Grand Slam doubles results
- Wimbledon: 2R (1996)

Grand Slam mixed doubles results
- Wimbledon: 1R (1996)

= Jeff Belloli =

American tennis player (born 1970)

Jeffrey Belloli (born February 10, 1970) is a former professional tennis player from the United States.

He grew up in Southern California and attended Servite High School. He and his fraternal twin brother Chris are the only children of Cal State chemistry professor Robert and his wife Shirley.

Prior to his career in professional tennis, Belloli played for San Diego State University in collegiate competition, where he earned NCAA All-American honors for doubles in 1991 and 1992.

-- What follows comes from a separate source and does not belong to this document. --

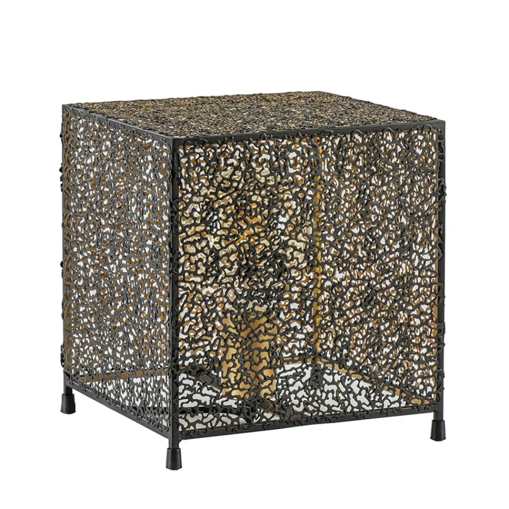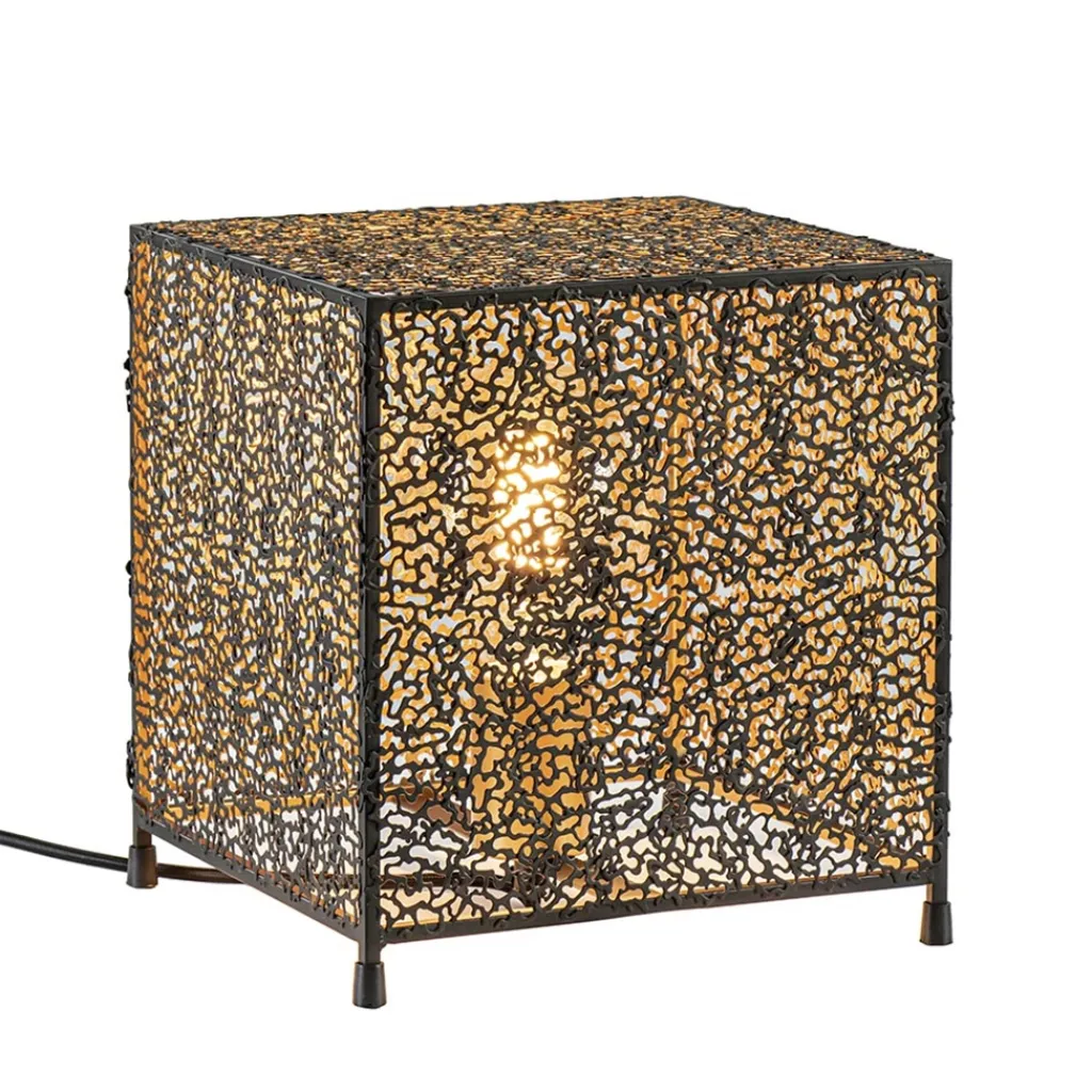 Stoer met een chique uitstraling. Deze moderne tafellamp doet een beetje denken aan koraal en is gemaakt uit kleine metaaldeeltjes die samen een vierkante kap vormen. Het metaal is afgewerkt met een mat zwarte finish aan de buitenzijde en een gouden finish aan de binnenzijde. Het goud zorgt voor een chique uitstraling en creëert een sfeervolle warme gloed. De tafellamp wordt geleverd inclusief zwart snoer van 200 CM. De schakelaar bevindt zich op 50 CM van het armatuur. Het tafellampje staat op vier sierlijke pootjes.

On the professional circuit, Belloli competed most successfully in doubles, with a career high ranking of 130 in the world. His best ATP Tour performance was a semi-final appearance at the 1995 Swedish Open, partnering Mathias Huning. At the 1996 Wimbledon Championships he featured in the main draw of both the men's doubles and mixed doubles events. In the men's doubles he and partner Leander Paes made the second round.

He now works in human resources and is based in New York.